Thanks for covering this topic, Skeptvet. It’s been suggested for my dog, but I hadn’t seen much about whether it’s useful or not.
Hi there!
I noticed your article said, “…however, it seems likely that laser will not be helpful for dogs with IVDD that are severely affected enough to need SURGERY.” Well what about dogs that have mild IVDD and aren’t surgery bound? In your opinion do you think laser treatments would be beneficial to dogs that aren’t recovering or will need surgery (any time soon)? I’m curious to know your thoughts.
Thank you for covering this topic!
Unfortunately, we have to wait until studies are done looking at this. The value of laser generally is still a very open question in veterinary medicine, and we know little about its use in specific conditions.
As a practicing small animal veterinarian, I witness the aggressive marketing of these ‘instruments’. These companies use paid lectors, spend huge sums at conferences, have reps visit practices pushing these products. All have one thing in common, their pitch begins with “make more money with laser”. Every single time this is their top pitch… make money. Without any supportive scientific study to show benefit, except to their pocket books. Laswer is a profit center, that is all.
I’m curious too about non surgically treated ivdd and success of laser therapy.

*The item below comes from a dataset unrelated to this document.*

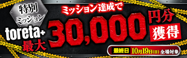 【最終日】全場対象ミッション 最大30,000円分toreta+を掴み取るラストチャンス

I am not aware of any studies using laser in dogs not also treated with surgery. Since there Is clear data that dogs with progressive neurologic symptoms have worse outcomes if not treated surgically, I doubt people would take the ethically questionable risk of trying laser instead of surgery in these dogs. And since dogs with only pain but with no neurologic effects almost always recover with current therapy (~ 80%), it would be hard to show that laser was helping these dogs without a study comparing dogs treated identical except for using or not using laser, and any benefit would be small since it could only increase the success rate from the baseline of 80%.
when the fda approved artificial intervertebral disc for humans i was excited because i thought finally there would be a good prospective randomized controlled trial or two showing long term results from a back surgery is better than no treatment using a good placebo surgery like they do for human clean out knee surgery and Parkinson brain surgery.. I went to read the study and the fda only made them show the artificial disc was as good as traditional back surgery. Surgery is a powerful placebo. The argument is that you do not need a good prospective randomized controlled placebo surgery trial for every surgery treatment. This belief , often called the parachute argument, that no such trial is needed to advise you ware a parachute jumping out of a plane. If someone has a growing lipoma next to a spinal cord and symptoms are in that spot i would use the parachute argument and remove it. If a doxie comes in with no deep pain in its back legs and your treatment is to remove some disk material in the spinal canal from one of the lumbar vertebrae that you see on mri i think its fair to question if that will do any good long term vs a placebo surgery. If people are willing to let doctors drill a fake surgical placebo hole in their head I bet enough of these doxie owners would allow a placebo surgical trial on their dog.
not everyone is on board requiring ‘sham surgery that harms” so that we can regulate surgery the same way the fda regulates drugs. If human and pet insurance is going to be cost effective medical care i think this is needed.